Logo num primeiro momento, se viu cercado por inúmeros minotauros, todos enfurecidos. Jogou sua tocha em um deles, que queimou e tombou ao chão, mas ainda havia muitos. Foi aí que sentiu uma rajada azul de energia o atingindo em seu peito, e pôde perceber Sheng vindo em sua direção. Em um único golpe, cortou superficialmente três minotauros, e conseguiu se desvencilhar para ver a fera.
Tinha mais de dois metros e meio de altura, sendo um pouco maior que os demais minotauros. Possuía uma pelugem vermelha sobre a cabeça, que se assemelhava a um cabelo humano e descia até sua lombar. Segurava um imponente cajado mágico e tinha o corpo todo tatuado, com inscrições e símbolos que Sandro não conseguia decifrar.
Seu momento de contemplação foi interrompido quando dois minotauros o ergueram e o arremessaram contra a parede, o que o fez deixar sua mochila com mantimentos e poções de cura cair no chão. Arrastou-se para tentar pegá-la, mas um bando de hienas apareceu não se sabe de onde e devorou-a. A batalha estava muito mais dura do que se imaginava.
Sandro, contudo, não desistiu. Com alguns movimentos de espada, conseguiu facilmente feri-los e faze-los bater em retirada. Agora, só restava ele e Sheng. A fera manteve distância, e atacava com rápidas rajadas de energia e de fogo. Algumas eram absorvidas pela cota de malha que o aventureiro usava; outras acertavam-no em cheio. Mas o Aprendiz era fraco, de pouca resistência, e sem a proteção dos minotauros logo caiu ao chão, com um urro de dor.
Sandro ajoelhou-se, fincando a espada no chão como forma de apoio, e contemplou o chão ensangüentado da caverna. Pensou que sua aventura havia chegado finalmente ao fim, e que a partir daquele momento poderia considerar-se um verdadeiro rooker.
Mas o que aconteceu a seguir foi inacreditável.

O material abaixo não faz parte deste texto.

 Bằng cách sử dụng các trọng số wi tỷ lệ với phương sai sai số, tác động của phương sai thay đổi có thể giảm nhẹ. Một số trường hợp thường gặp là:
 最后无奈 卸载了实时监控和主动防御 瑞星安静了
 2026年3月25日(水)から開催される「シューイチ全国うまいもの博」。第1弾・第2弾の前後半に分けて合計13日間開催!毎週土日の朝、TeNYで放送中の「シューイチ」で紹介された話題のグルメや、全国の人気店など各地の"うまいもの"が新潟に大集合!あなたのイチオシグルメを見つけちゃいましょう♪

Ainda de guarda baixa, ajoelhado, ouviu um som que parecia o de uma porta destrancando. Espiou sobre os ombros, mas tudo o que via era uma escuridão profunda. No entanto, um novo barulho surgiu, rítmico e crescente.

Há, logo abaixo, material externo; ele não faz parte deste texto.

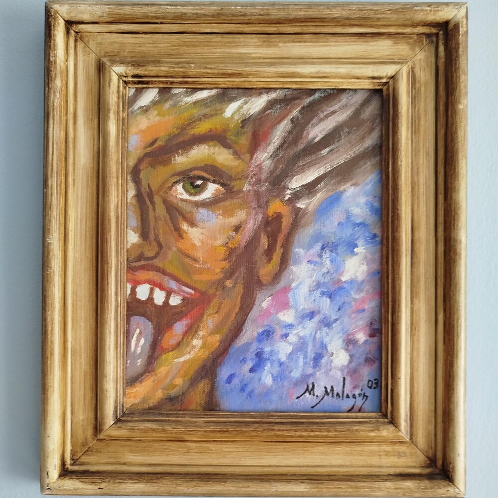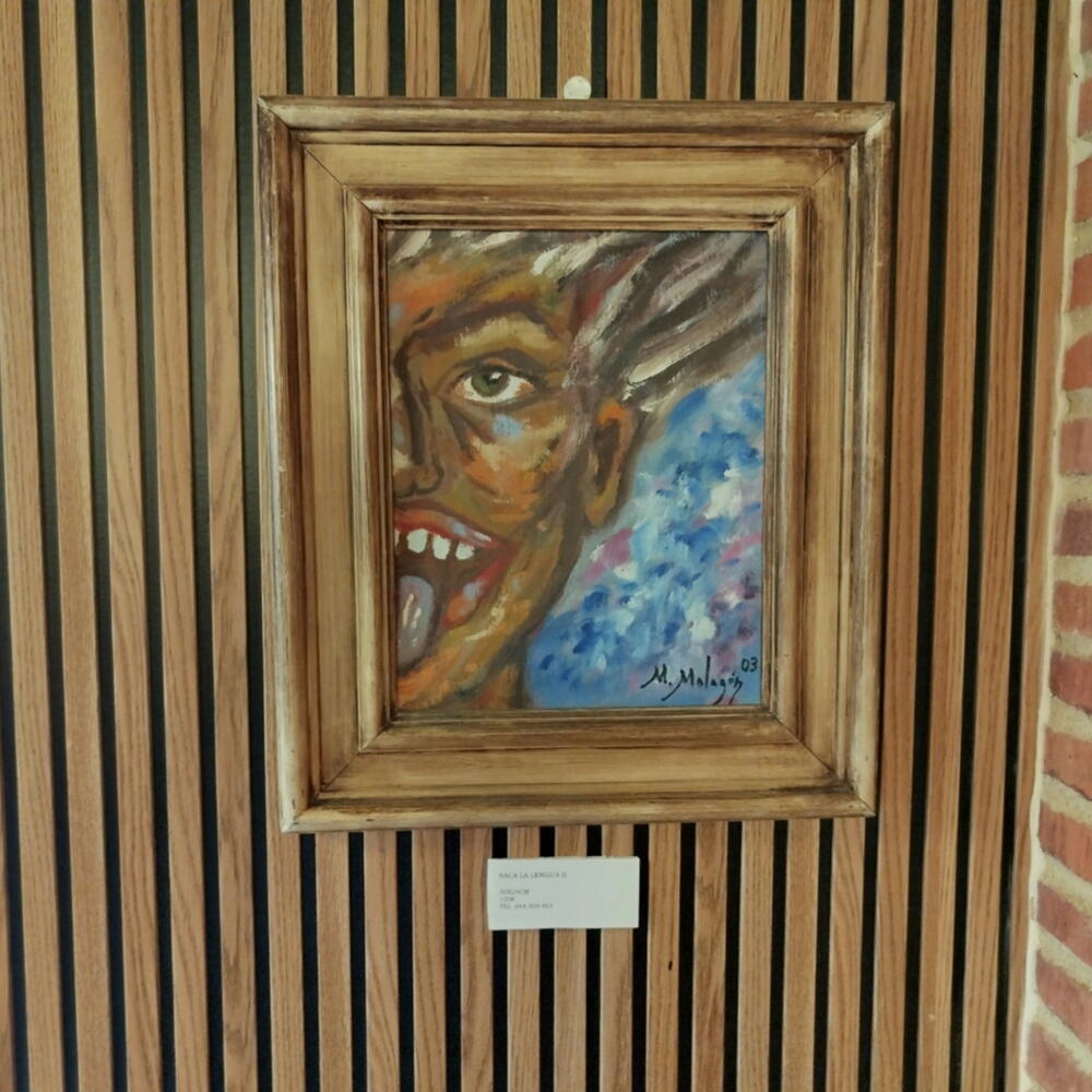 Oil on panel depicting half of a face sticking out its tongue. It is inspired by an old photograph of two people making the gesture of sticking out their tongues. It is ideal to be paired with its counterpart Saca la lengua I. Both paintings together, a short distance apart, are very decorative.
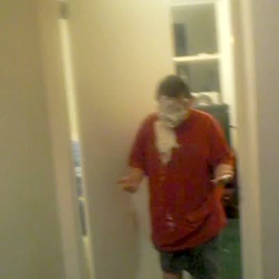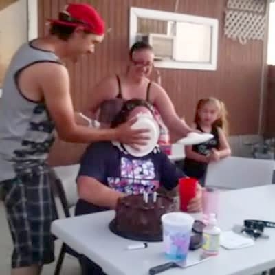 "Two Pie Birthday Guy" Young teen boy is hit with a pie in the face at 6am for his birthday. Practical joke. Surprise.
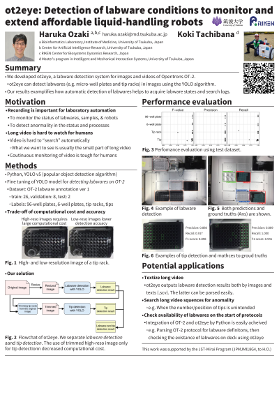 Abstract: In the automation of life science experiments, the types, positions, states, and wears of labwares change according to modifications in experimental protocols and the progress of experimental operations. Accordingly, verifying and recording that the experimental robot is operating in the intended environment is essential for quality assurance and traceability of actions and results. For such purpose, general webcams are used to record fixed-point images inside automated liquid-handling robots, primarily for investigating what happened when abnormalities occur. However, a large number of images and long-duration recordings can make the verification process cumbersome, hindering traceability. To overcome this difficulty, we hypothesized that automatic detection of labwares from images and videos would make it easier to acquire labware states and search logs. Here, to demonstrate the effectiveness of this idea, we developed ot2eye, a labware detection system for Opentrons OT-2. ot2eye can detect labwares in images taken inside the OT-2 using the YOLO object detection algorithm. We built a unique dataset by annotating images of the OT-2 with labware in place and fine-tuned the YOLO object detection algorithm using this dataset. As a result of validation, ot2eye demonstrated high-precision detection of various labware types, such as micro-well plates and tip racks. Furthermore, it was able to accurately detect not only labwares but also the presence or absence of tips in tip racks from a single image. Our proposed method is expected to provide vision to affordable automated pipetting robots and promote AI-Robot-driven life sciences by making the states of labwares machine-readable.
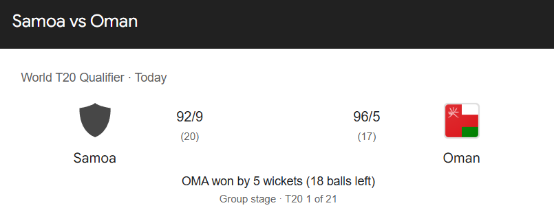 Oman Beat Samoa by 5 Wickets (ICC Men’s T20 World Cup Qualifier)
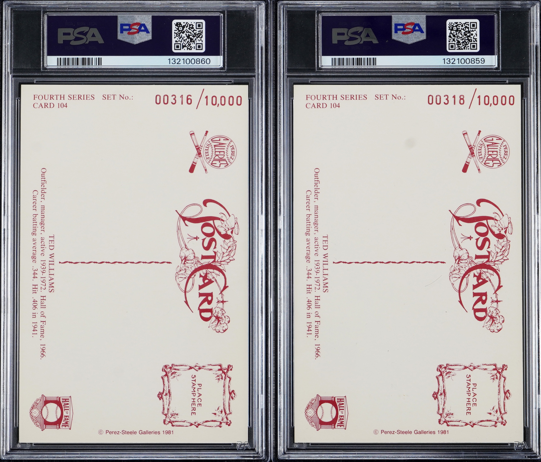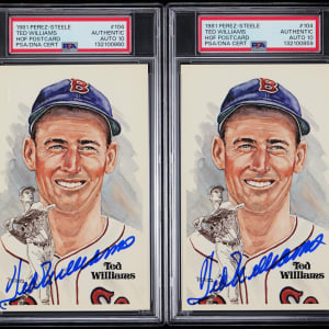 Each signature judged Authentic by PSA/DNA, encapsulated and awarded Auto 10 grades. Double the "Teddy Ballgame" with the offered pair of flawless 1981 Perez-Steele #104 Ted Williams signed postcards!
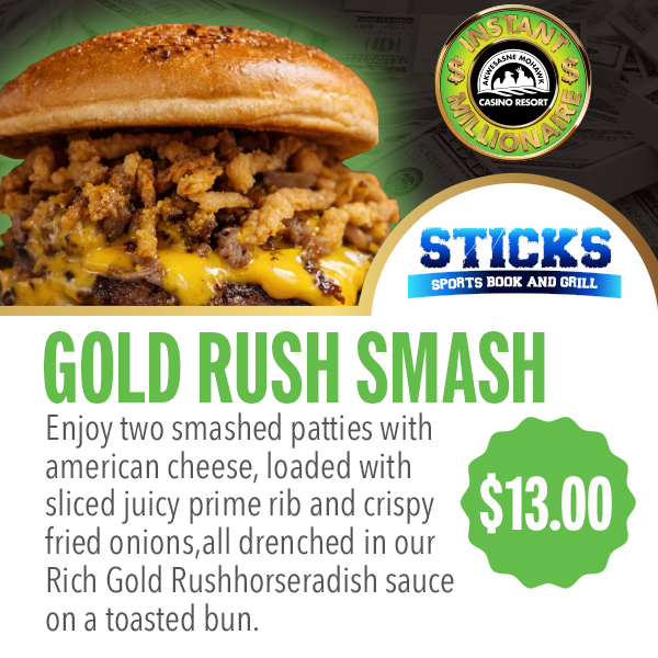 Spice up your gameday at Sportsbook Bar & Grill! Kick things off with shareable appetizers for the whole crew or an entrée just for you—the self-serve grill has all your game day favorites. From wings and loaded nachos to smash burgers hot off the grill!

Quando Sandro percebeu que eram passos já era tarde demais. Até hoje não sabe se o que o apunhalou pelas costas foi uma porrada ou uma nova rajada de energia. O fato é que, depois disso, uma ofuscante luz surgiu e ele não se lembrou de mais nada.
***
Alguns dias haviam se passado desde o misterioso ocorrido. Sandro havia acordado em sua casa, com as feridas completamente saradas e como se nada tivesse acontecido. Contou sua aventura para todos os seus amigos, que acreditaram e o apoiaram (talvez por causa do vinho, mas isso não vem ao caso).
Naquele exato momento, contudo, ele estava solitário na orla de Rookgaard, em frente ao túmulo de Khone.
Sandro era seu melhor amigo, e o viu morrer em seus braços, há exatos oito anos, por uma doença desconhecida. E ainda não havia conseguido superar essa dor. Jogava flores em seu túmulo, quando sentiu alguém aproximando-se.
Era Hyacinth.
- Lembro-me dele como se fosse ontem – disse o eremita, com sua voz rouca e impactante, apoiado em uma rústica bengala.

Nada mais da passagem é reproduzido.